この居候も、彼の算段で相成った、とは「家」の主たる葬儀屋ですら知らないかもしれない。

というのも。
彼女が承った仕事が。
今夜「海戦」の偵察。
当主である、クォ様が一人で出向く、という。
なんでですか?と、言いたいが・・
決まった以上、仕方ない。

「お嬢様、この後は?」
「ん~?夕暮れまで、情報収拾。
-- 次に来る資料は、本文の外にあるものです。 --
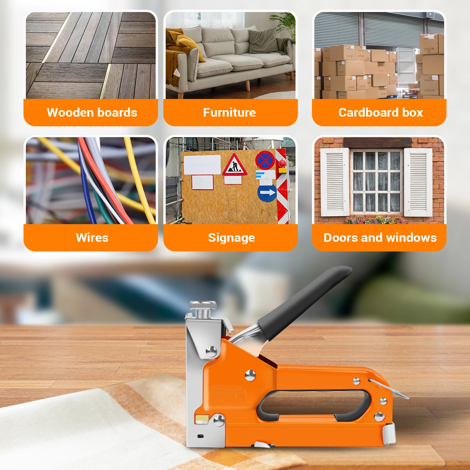 【High Quality & Ergonomic】 Hand tacker is made of high quality metal, very sturdy and durable.The ergonomic handle makes it more comfortable to use and labour-saving.

本業を疎かにできないからね。」
「さすがです。では、ワタクシは「家」に戻って掃除を。」
「いやいやいや・・・いいよ?大丈夫。(これ以上惨事が増えれば、帰ってきた葬儀屋がブチ切れを通り越して何をするかわかったものじゃない)」
なにせ、この女給は見てくれだけは女給。で。
本質は・・・

「わかりました。大人しくしています。」
「あ、いやいやいや・・・、・・・」美味しい露店の情報を伝えておく、ショコラ。


ミコッテ達の宴の始まり、かも。